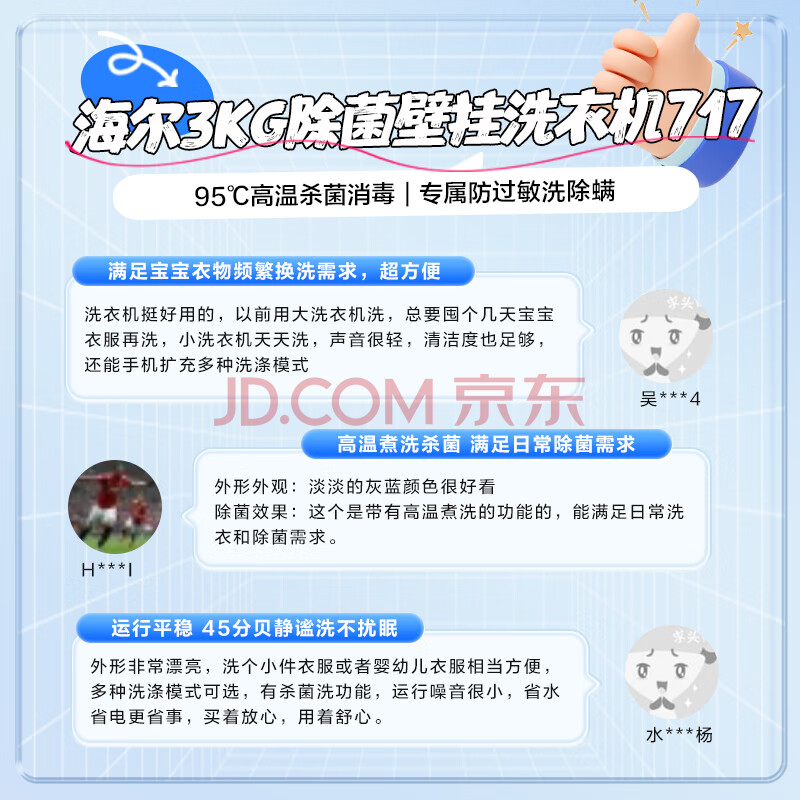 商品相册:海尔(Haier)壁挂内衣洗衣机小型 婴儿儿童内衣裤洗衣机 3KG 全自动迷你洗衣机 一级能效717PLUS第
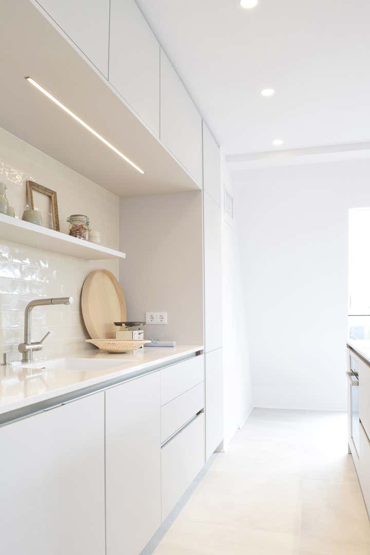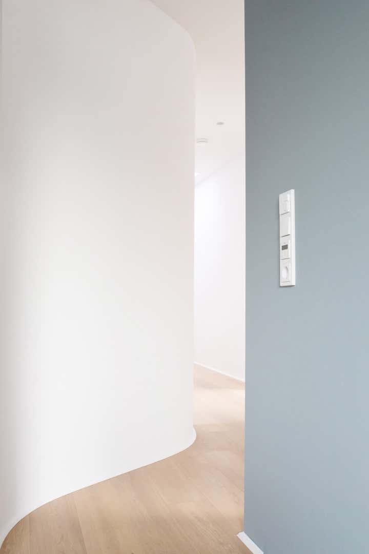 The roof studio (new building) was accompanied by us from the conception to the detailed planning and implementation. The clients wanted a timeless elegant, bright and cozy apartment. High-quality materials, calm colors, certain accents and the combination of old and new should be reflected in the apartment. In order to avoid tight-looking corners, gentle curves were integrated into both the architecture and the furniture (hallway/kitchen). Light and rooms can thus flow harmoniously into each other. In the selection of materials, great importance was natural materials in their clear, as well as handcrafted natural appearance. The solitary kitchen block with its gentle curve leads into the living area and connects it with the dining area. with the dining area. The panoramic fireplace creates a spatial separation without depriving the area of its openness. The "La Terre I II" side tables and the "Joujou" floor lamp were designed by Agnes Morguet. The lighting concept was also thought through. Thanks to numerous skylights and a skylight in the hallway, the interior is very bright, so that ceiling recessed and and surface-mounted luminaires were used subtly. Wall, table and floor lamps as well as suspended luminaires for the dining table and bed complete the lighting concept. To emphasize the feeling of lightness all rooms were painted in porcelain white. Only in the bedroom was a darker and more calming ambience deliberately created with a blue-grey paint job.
-------------------------
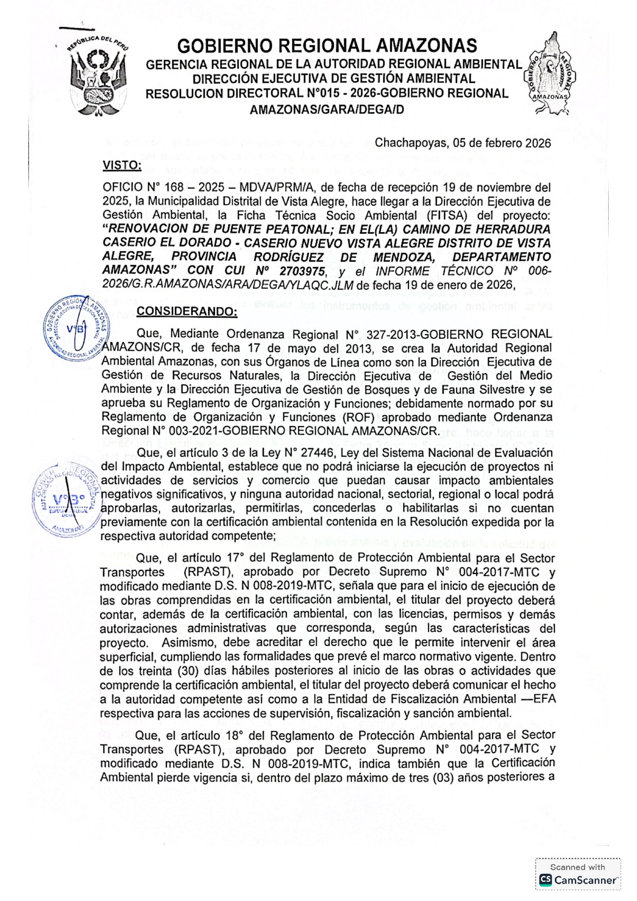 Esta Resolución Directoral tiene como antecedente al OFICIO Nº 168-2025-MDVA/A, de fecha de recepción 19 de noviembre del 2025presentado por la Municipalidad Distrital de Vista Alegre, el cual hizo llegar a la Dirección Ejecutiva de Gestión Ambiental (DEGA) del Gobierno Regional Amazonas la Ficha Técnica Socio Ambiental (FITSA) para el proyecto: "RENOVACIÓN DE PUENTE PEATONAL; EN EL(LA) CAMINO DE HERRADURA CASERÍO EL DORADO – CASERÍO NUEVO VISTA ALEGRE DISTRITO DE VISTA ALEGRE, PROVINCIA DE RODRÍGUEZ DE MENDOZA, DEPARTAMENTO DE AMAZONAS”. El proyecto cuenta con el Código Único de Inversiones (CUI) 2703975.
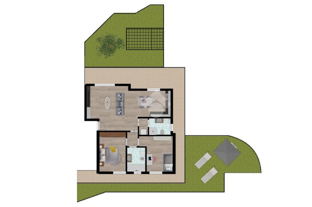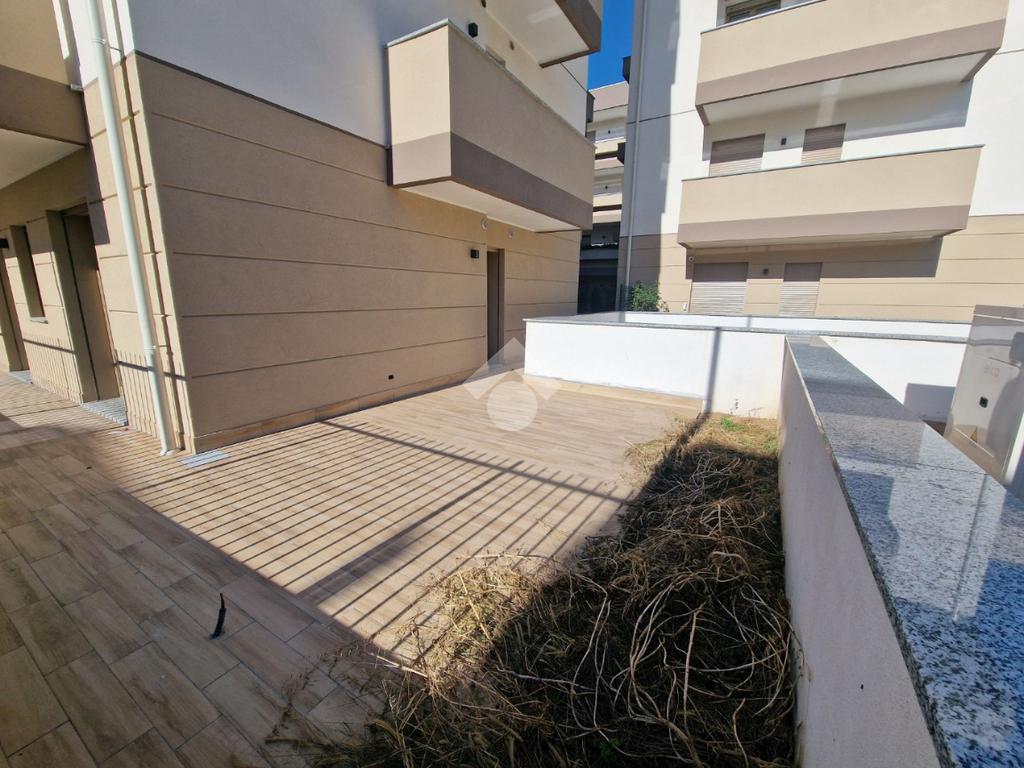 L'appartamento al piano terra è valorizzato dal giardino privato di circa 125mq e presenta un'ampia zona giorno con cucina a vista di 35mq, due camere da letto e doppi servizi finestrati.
-------------------------
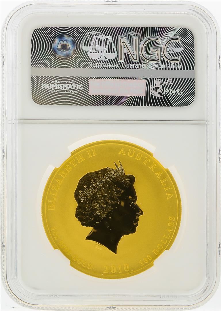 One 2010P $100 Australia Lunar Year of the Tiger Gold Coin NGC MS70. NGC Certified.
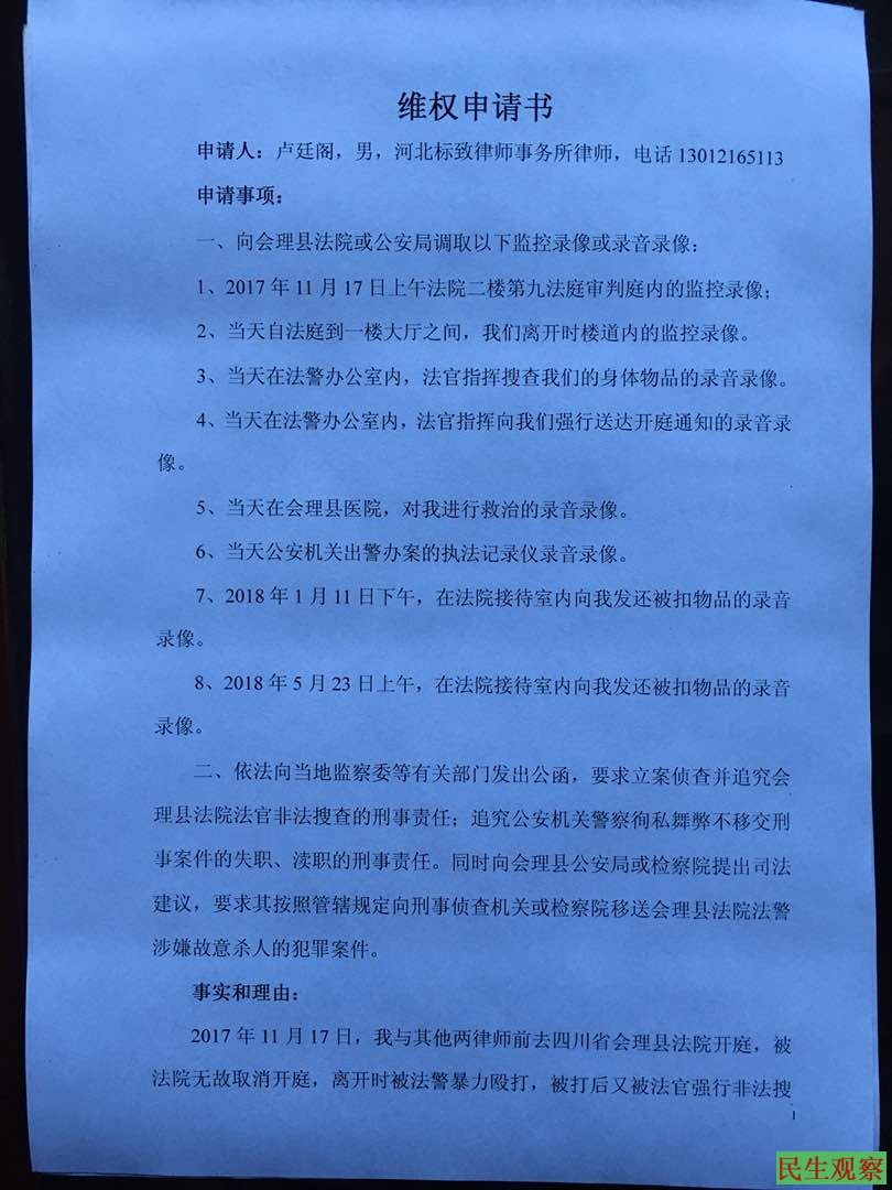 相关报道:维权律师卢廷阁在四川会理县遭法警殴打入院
-------------------------
== Your task ==
All lines above from the one containing "One 2010P $100" up to and including the one containing "相关报道:维权律师卢廷阁在四川会理县遭法警殴打入院" are to be set down exactly, and nothing else. Leave images out.

== Answer below ==
 One 2010P $100 Australia Lunar Year of the Tiger Gold Coin NGC MS70. NGC Certified.
 相关报道:维权律师卢廷阁在四川会理县遭法警殴打入院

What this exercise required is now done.